Tutto ha avuto inizio da un libro. Il titolo è “Il Potere e la Magia del Perdono” e nel luglio 2017 il suo autore, Ivan Nossa, ex imprenditore convertitosi alla scrittura di libri sul tema del potere del perdono e della gratitudine, era alla ricerca di qualcuno che ne scrivesse l’introduzione. Doveva essere qualcuno di speciale, ed ecco che entra in scena Sister Rosemary Nyirumbe, suora che ha salvato migliaia di ragazze vittime della guerriglia in Uganda. Ivan la contatta tramite una mail e di lì a poco si incontrano per parlare del libro. Da cosa nasce cosa e da una semplice prefazione si sviluppa l’idea di sostenere un progetto in Uganda, per sostenere l’orfanotrofio di Atiak. Ivan Nossa-Uganda-Africa-Orfanatrofio- Atiak.

Un grande gesto di solidarietà e umanità che sta raccogliendo seguito e aiuti per realizzare questo sogno

e dare una casa ai bambini feriti dalla vita.Ivan Nossa-Uganda-Africa-Orfanatrofio- Atiak.

Ivan Nossa ci ha raccontato nei dettagli come è nato tutto questo e come è possibile contribuire anche con piccoli gesti.

Il viaggio che ti ha portato in Africa a visitare l’orfanotrofio in Uganda è un vero e proprio ‘cammino del perdono’. Puoi spiegarci meglio il senso di questo viaggio e cosa ti ha spinto a compierlo?
L’incontro con sister Rosemary Nyirumbe è stato qualcosa di miracoloso di cui sono grato ogni giorno. È accaduto quasi per caso, ma ormai al caso non credo più, perché vedo come la vita opera nel nostro cammino se ci lasciamo prendere per mano. Nel luglio 2017 stavo cercando qualcuno che scrivesse l’introduzione al mio libro “Il Potere e la Magia del Perdono”. Cercavo un’anima speciale che potesse insegnarmi il senso profondo del perdono e arricchire il messaggio del libro e l’ho trovata. Durante il nostro incontro è nata una forte amicizia e mentre parlavamo di perdono mi disse “Ivan vieni a trovarmi in Uganda, compiamo insieme qualche passo del cammino del perdono”. Io risposi “va bene, a patto che mi faccia lavorare con gli orfanelli, è una vita che lo desidero”.
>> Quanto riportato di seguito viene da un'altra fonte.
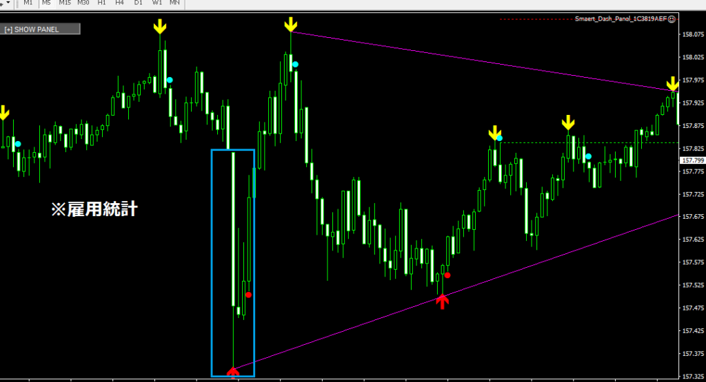 ✅ドル円は、発表後大きく下落→その後V字回帰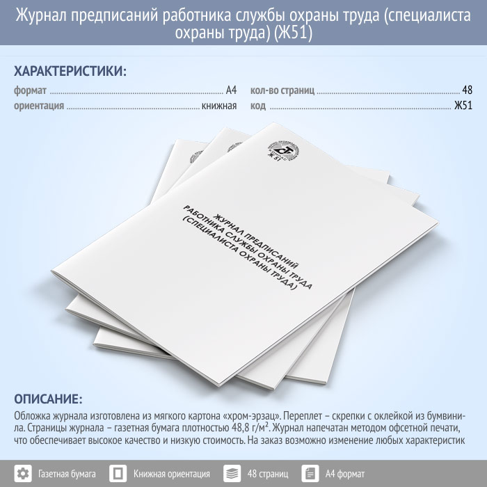 Журнал предписаний работника службы охраны труда (специалиста охраны труда, 48 стр., Ж51) в Химках купить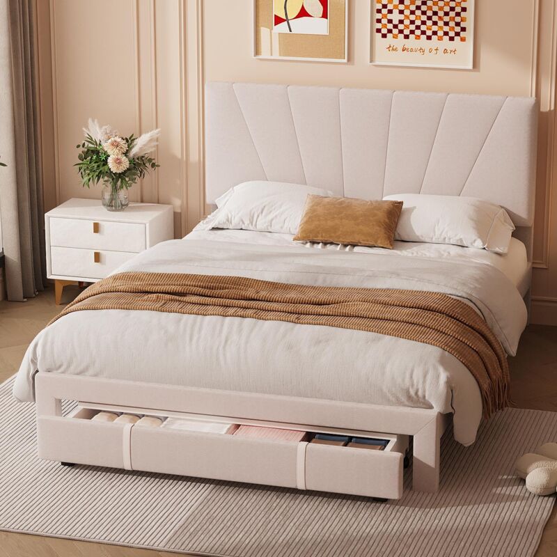 Eifson - Lit 140x200 cm, avec grand tiroir au pied du lit, dossier capitonné, velours, style scandinave, sommier à lattes, structure métal - Beige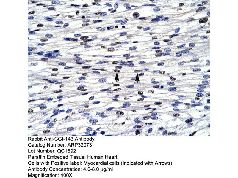 - This is a rabbit polyclonal antibody against CGI-143. It was validated on Western Blot and immunohistochemistry.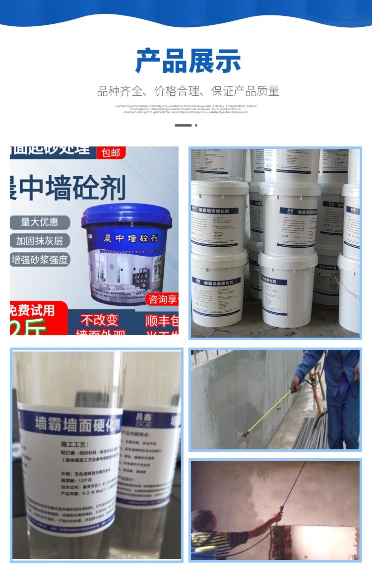 晨中墙砼剂、墙霸墙面硬化剂厂家——昌鑫建材科技公司、专业研发团队推出水泥抹灰砂浆墙面起砂处理材料,帮您解决水泥抹灰砂浆强度不足、墙面起砂掉粉等现象。提高砂浆强度、硬化砂浆层、增加水泥抹灰的强度硬度的效果显著。昌鑫建材墙面起砂处理剂按照工艺施工后二天即可大幅度提高砂浆强度、帮您顺利通过验收。使用前请查看施工工艺中的使用方法及注意事项,以保证墙霸墙面硬化剂的使用效果。厂家直销、提供技术指导,一站式服务,欢迎来电咨询!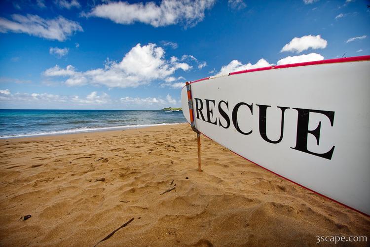 Picture of Rescue surfboard for lifeguard at DT Fleming Beach Park in gallery Around Maui.

Così un anno dopo mi sono ritrovato in Uganda, a Gulu, nell’estremo nord non lontano dal confine col Sud Sudan attualmente in guerra. Li stava nascendo un nuovo progetto, l’orfanotrofio di Atiak e Sister, come la chiamano tutti amichevolmente, con la sua solita schiettezza mi ha detto “Ivan, finita la costruzione serve qualcuno che mi aiuti a mantenere tutti i bambini che accoglieremo, servono cibo, medicine, vestiti e soldi per la scuola. Te ne dovresti occupare tu”. “Va bene!” ho risposto un po’ incosciente, ma pieno di entusiasmo. Così nasce la storia del mio impegno in Uganda, dove ho vissuto un viaggio bellissimo a contatto con bambini meravigliosi che porto nel cuore.Ivan Nossa-Uganda-Africa-Orfanatrofio- Atiak.

Per quanto riguarda il cammino del perdono, io avevo qualcosa di grande da perdonare, ne parlo nel libro, ero già a buon punto, oserei dire, ma questo viaggio mi ha permesso di fare un passo in più. Sentire le storie delle ragazze che sono state abusate, schiavizzate, mutilate dai ribelli e che poi, pian piano, sono riuscite perdonare per rinascere a nuova vita e ritrovare una dignità, mi ha aperto le porte del cuore. Se possono perdonare loro, perché non posso farlo io? Sempre e senza condizioni.

Perché il perdono ci libera e ci permette di riportare amore dentro di noi.

Quando hai compiuto il viaggio e quali sono le tappe di questa avventura?
Il viaggio è avvenuto tra giugno e luglio 2018, sono stato nella comunità di Santa Monica a Gulu. Poi di giorno andavo spesso a visitare l’orfanotrofio di Atiak ad un’ora di distanza. La mattina, mentre i bambini erano a scuola, si andava a fare la spesa per quegli angioletti, come mi piace chiamarli, e il pomeriggio si passava del tempo con loro. Ho visto anche il confine col Sud Sudan e il problema dei profughi. Una cosa mi ha colpito molto, sebbene l’Uganda sia un paese abbastanza povero, loro hanno sempre un pensiero per chi scappa dalla guerra e pensano sempre anche ad aiutare. Si può essere generosi anche se poveri, questa è una grande lezione che porterò sempre con me.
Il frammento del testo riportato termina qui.